Aunque ambos tengan los días contados, el amor y la risa nos defienden de la muerte. Es una batalla perdida de antemano, somos un paseo de la nada a la nada, pero si en esa trayectoria surge la emoción estética, todo se llena de sentido. Por «emoción estética» me refiero a algo que, para mí, se ramifica en el afecto por personas claves en mi existencia y la alegría que me deparan, la risa o la sonrisa que asocio con ellas. Eça de Queirós, una lectura fundamental de mi adolescencia, me convenció con su definición de la risa: no es solo una «filosofía», sino una «forma de salvación». Y leer a Eça implica en una misma página sonreír y conmoverse, estar a punto de llorar y soltar carcajadas: para mí fue y sigue siendo el más grande de los realistas, porque no hay mejor suma de nuestra experiencia en la Tierra que esos cruces en el fondo inexplicables.
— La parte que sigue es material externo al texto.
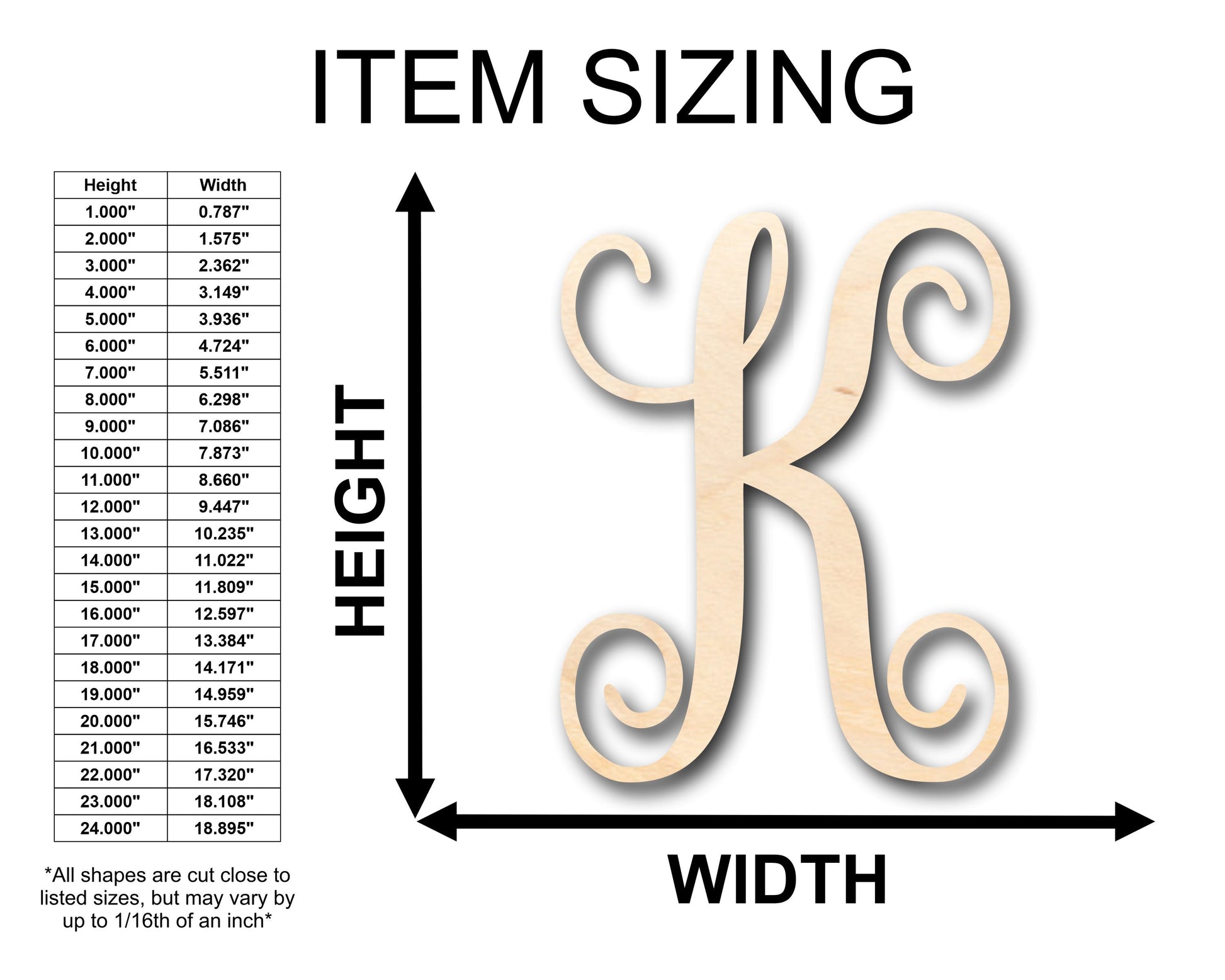 Unfinished Wood Monogram K Shape - Craft - up to 46" DIY
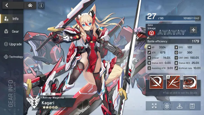 Kagari là một AG Molten Tactical có thể trì hoãn lượt tấn công của đối phương. Kỹ năng thứ nhất và thứ hai có thể tăng thời gian kẻ địch đợi đến lượt của chúng, và Ultimate Skill của Kagari xua tan hiệu ứng buff và làm chậm tất cả kẻ địch trong khi gây sát thương đáng kể.
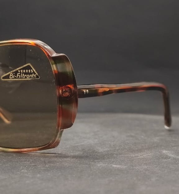 Vintage Bi-Filtrants France Oversized Square Sunglasses Brown 70s

Me parece que Quevedo y Purcell opinarían cosas muy similares, aunque las plasmaron de manera distinta, uno en su escritura y el otro en su música.

¿Considera que existen experiencias en la vida de las que es imposible escribir?

Depende de cómo se escriban y en qué género se hace. Para la ficción casi ningún tema es imposible porque la vida en cuestión no es la de la persona que escribe, incluso si se le parece a tal punto que algunos lectores de mentalidad primitiva la pudieran confundir con la biografía del autor. Pienso en aquellos lectores que, cuando veían a Dante caminar por la calle, se apartaban porque pensaban que había visitado el infierno. Si se trata de otro tipo de escritura, por ejemplo, testimonial, o una memoria, me parece que se corre un gran riesgo con ciertos temas. Hay experiencias íntimas que, expuestas al público en general, pueden depararle capital simbólico o material a quien las cuenta. Cuando intercambiamos a propósito o no algo muy personal por beneficios de ese orden la experiencia podría estar prostituyéndose, así se cuente, como a veces se alega, para que alguien más aprenda una lección. A mí me incomodan tanto la prostitución de las vivencias como el intento de dar lecciones a gente que no son ni mis hijos ni mis estudiantes.

¿Y si lo que se escribe no es con la intención de educar, sino atendiendo a una necesidad expresiva? ¿Como lector se podría notar la diferencia?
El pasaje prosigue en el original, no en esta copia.